**SUPPLIED ENTRIES:**
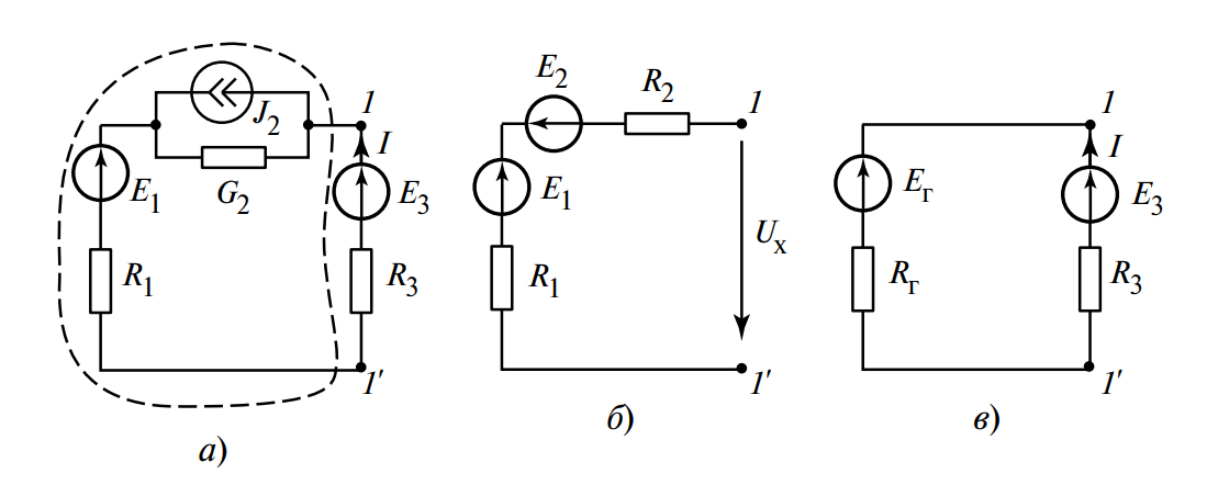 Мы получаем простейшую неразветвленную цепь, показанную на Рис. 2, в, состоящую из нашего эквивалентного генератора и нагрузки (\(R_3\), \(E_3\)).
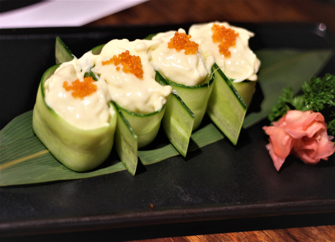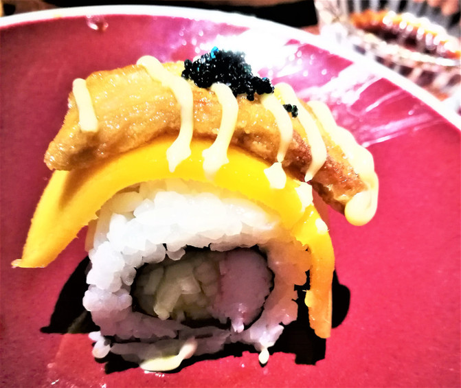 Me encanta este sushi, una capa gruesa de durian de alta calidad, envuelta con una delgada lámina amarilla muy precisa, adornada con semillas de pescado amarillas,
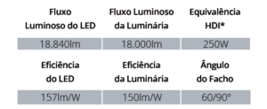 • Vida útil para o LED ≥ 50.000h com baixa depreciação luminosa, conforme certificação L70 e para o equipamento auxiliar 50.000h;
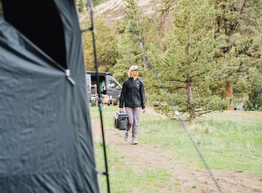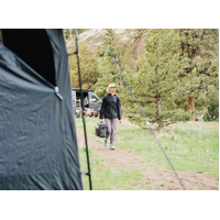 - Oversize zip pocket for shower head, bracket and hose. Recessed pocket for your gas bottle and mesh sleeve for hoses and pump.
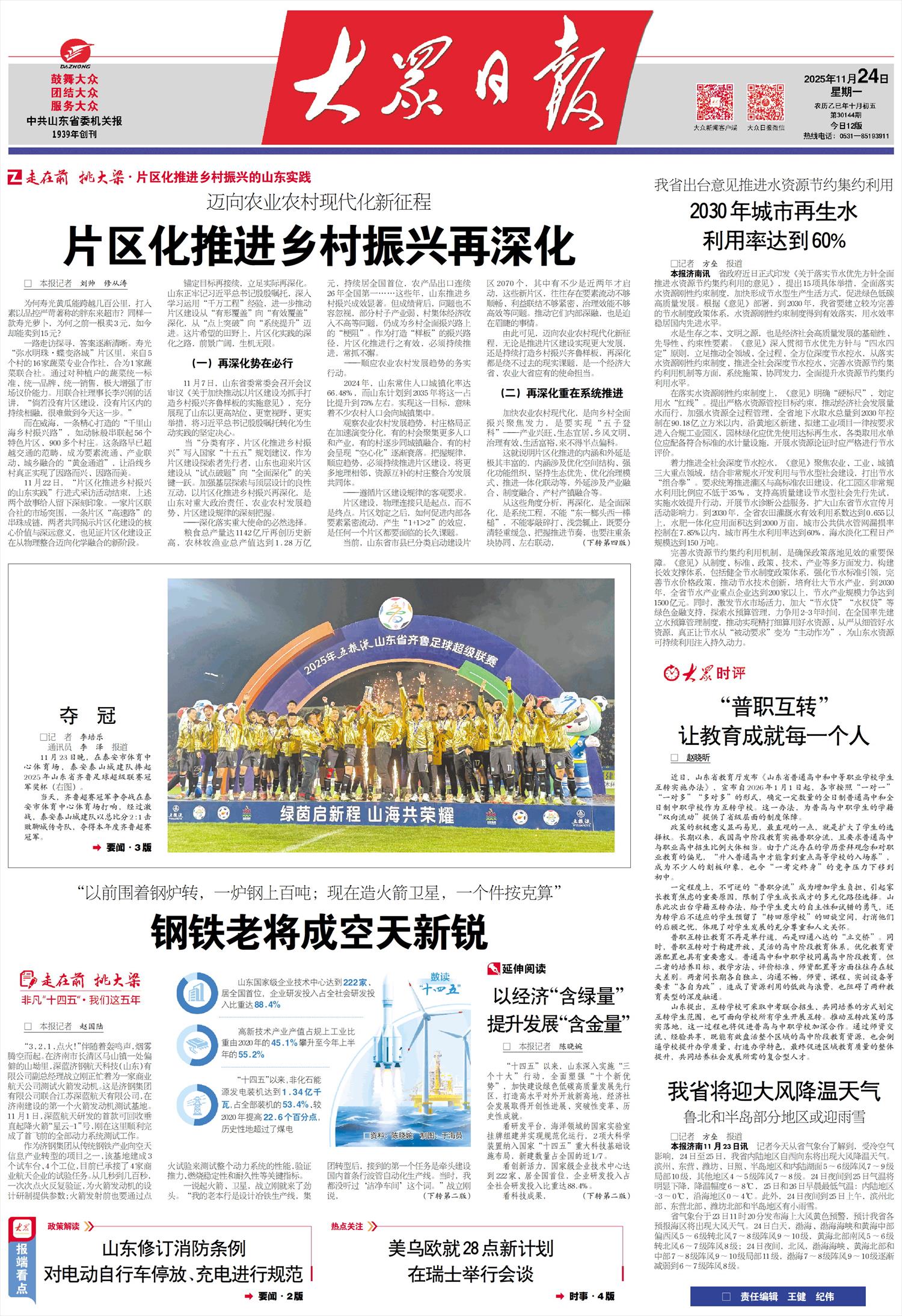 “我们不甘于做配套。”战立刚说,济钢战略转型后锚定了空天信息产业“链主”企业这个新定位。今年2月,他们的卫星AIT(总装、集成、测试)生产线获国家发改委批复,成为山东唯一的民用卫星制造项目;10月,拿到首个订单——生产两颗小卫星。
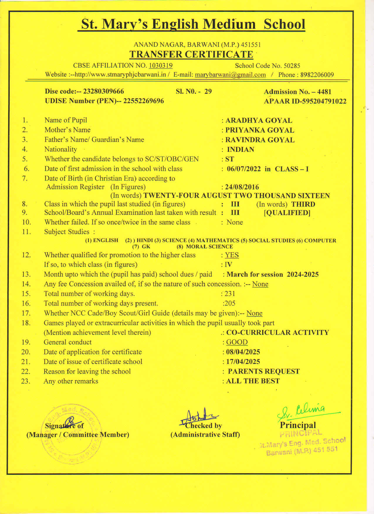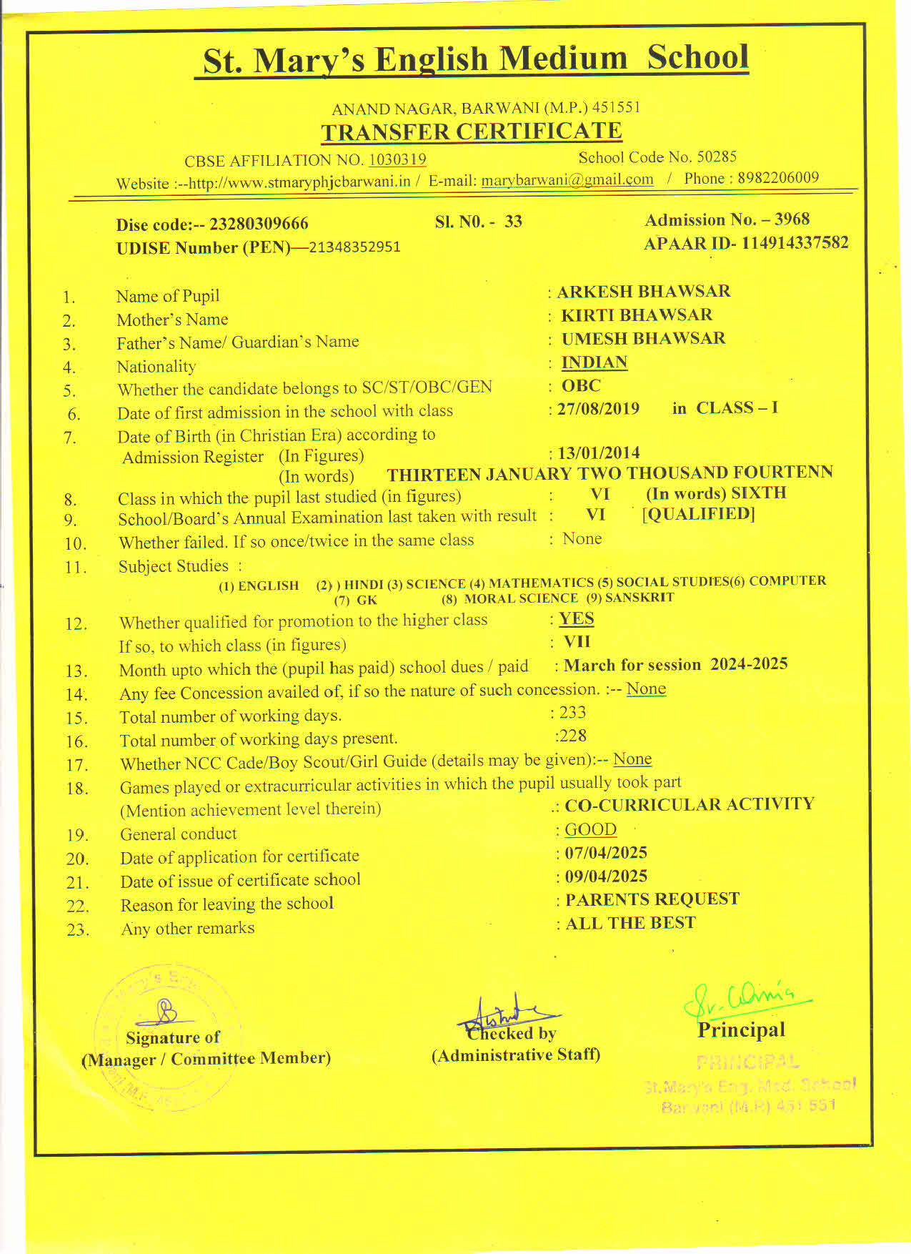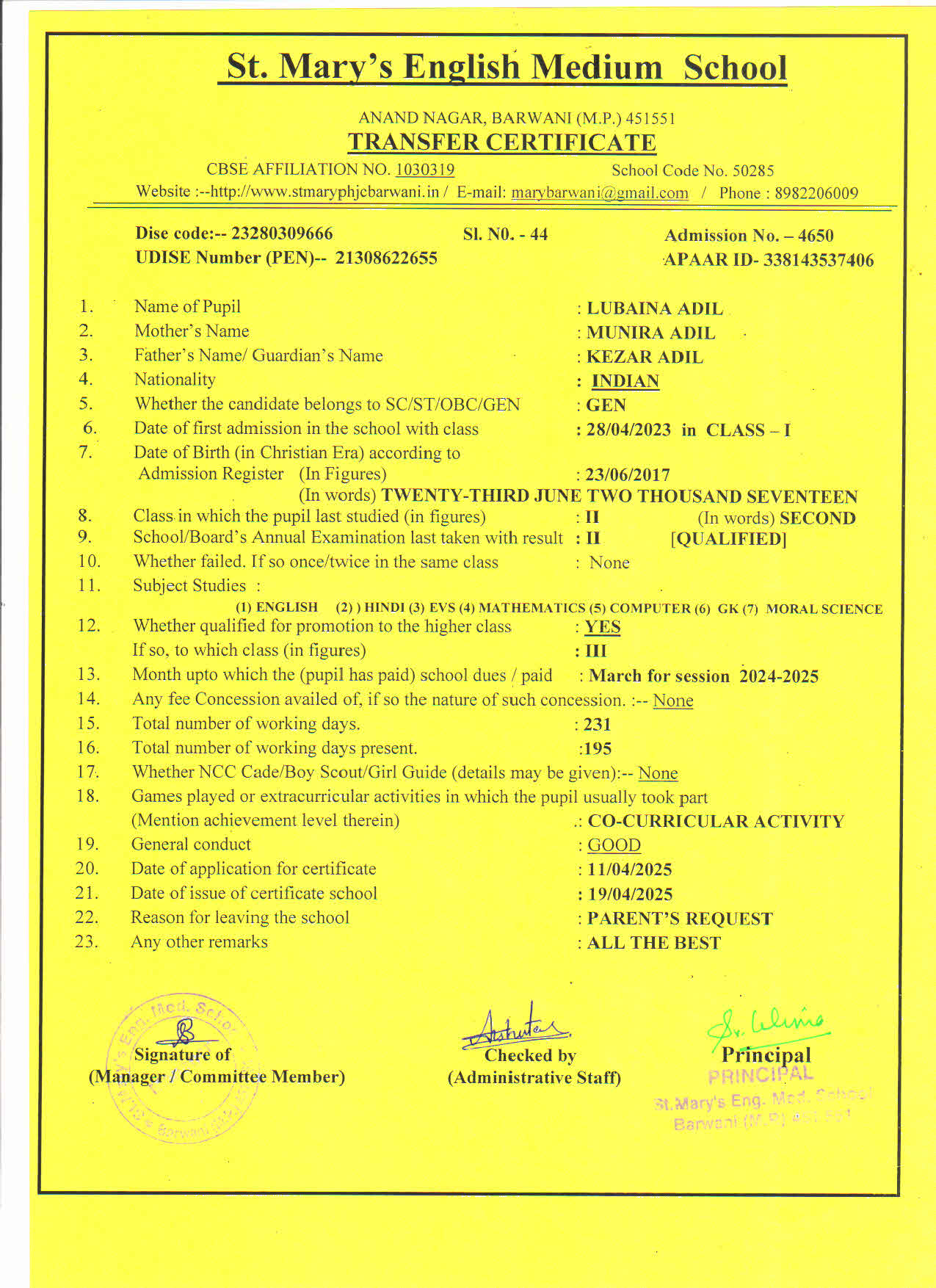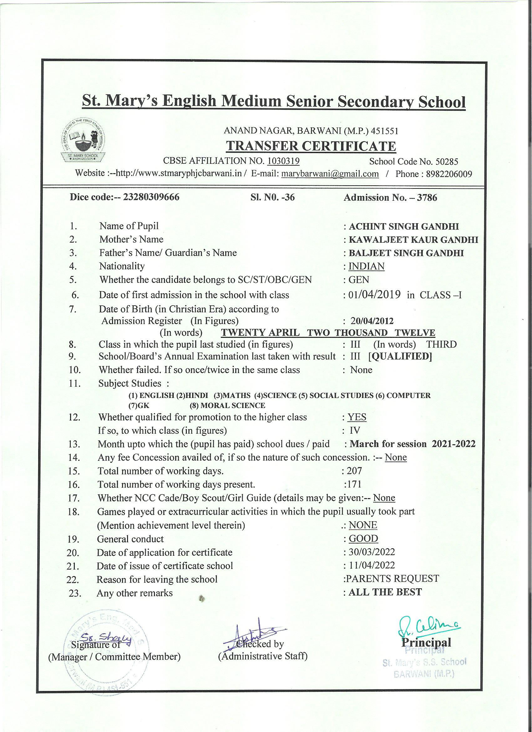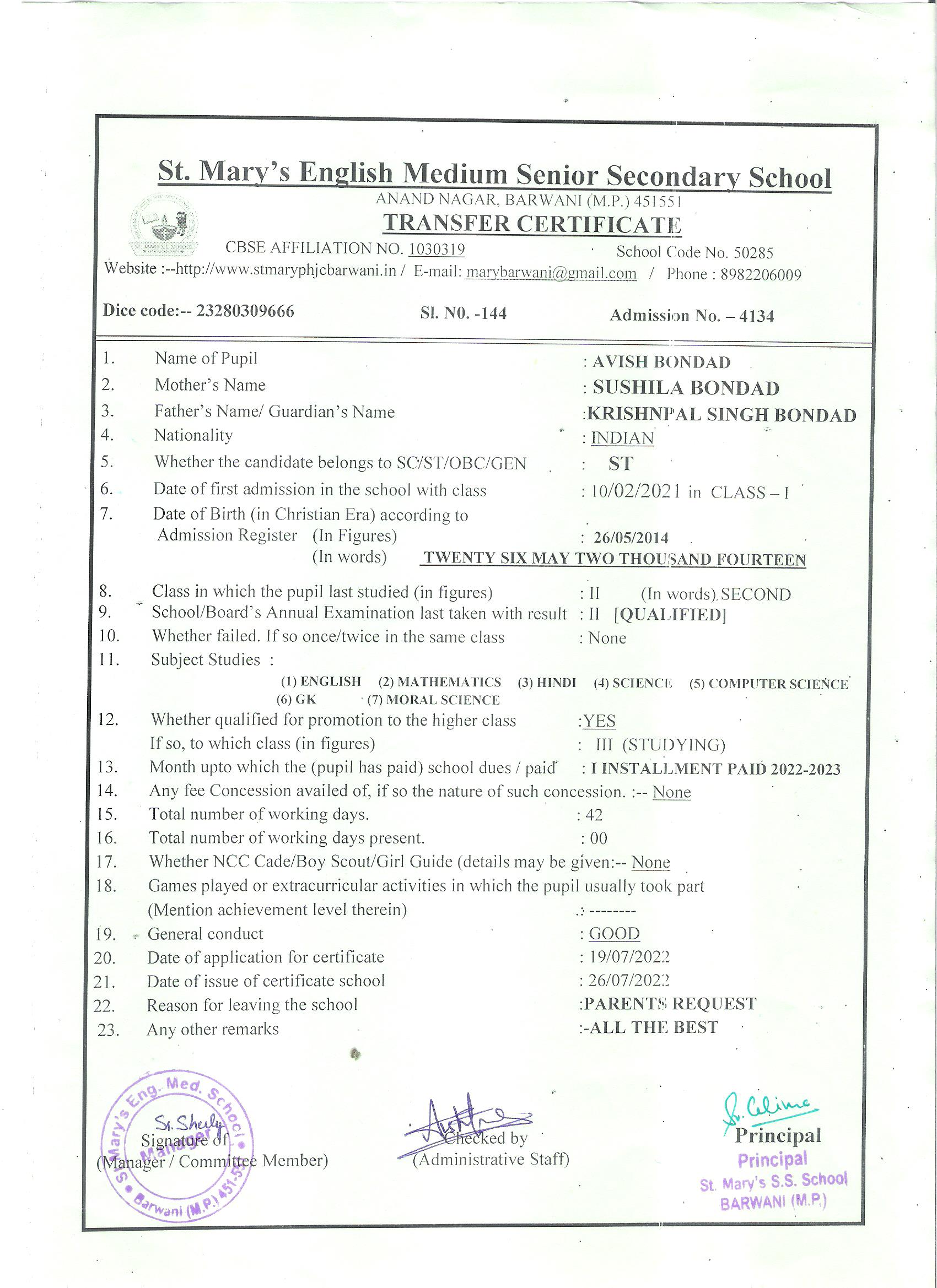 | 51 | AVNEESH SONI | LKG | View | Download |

**ASSIGNED TASK:**
Exactly as they appear above, write out all the entries, without pictures.

**RESULT:**
 Мы получаем простейшую неразветвленную цепь, показанную на Рис. 2, в, состоящую из нашего эквивалентного генератора и нагрузки (\(R_3\), \(E_3\)).
 Me encanta este sushi, una capa gruesa de durian de alta calidad, envuelta con una delgada lámina amarilla muy precisa, adornada con semillas de pescado amarillas,
 • Vida útil para o LED ≥ 50.000h com baixa depreciação luminosa, conforme certificação L70 e para o equipamento auxiliar 50.000h;
 - Oversize zip pocket for shower head, bracket and hose. Recessed pocket for your gas bottle and mesh sleeve for hoses and pump.
 “我们不甘于做配套。”战立刚说,济钢战略转型后锚定了空天信息产业“链主”企业这个新定位。今年2月,他们的卫星AIT(总装、集成、测试)生产线获国家发改委批复,成为山东唯一的民用卫星制造项目;10月,拿到首个订单——生产两颗小卫星。
 | 51 | AVNEESH SONI | LKG | View | Download |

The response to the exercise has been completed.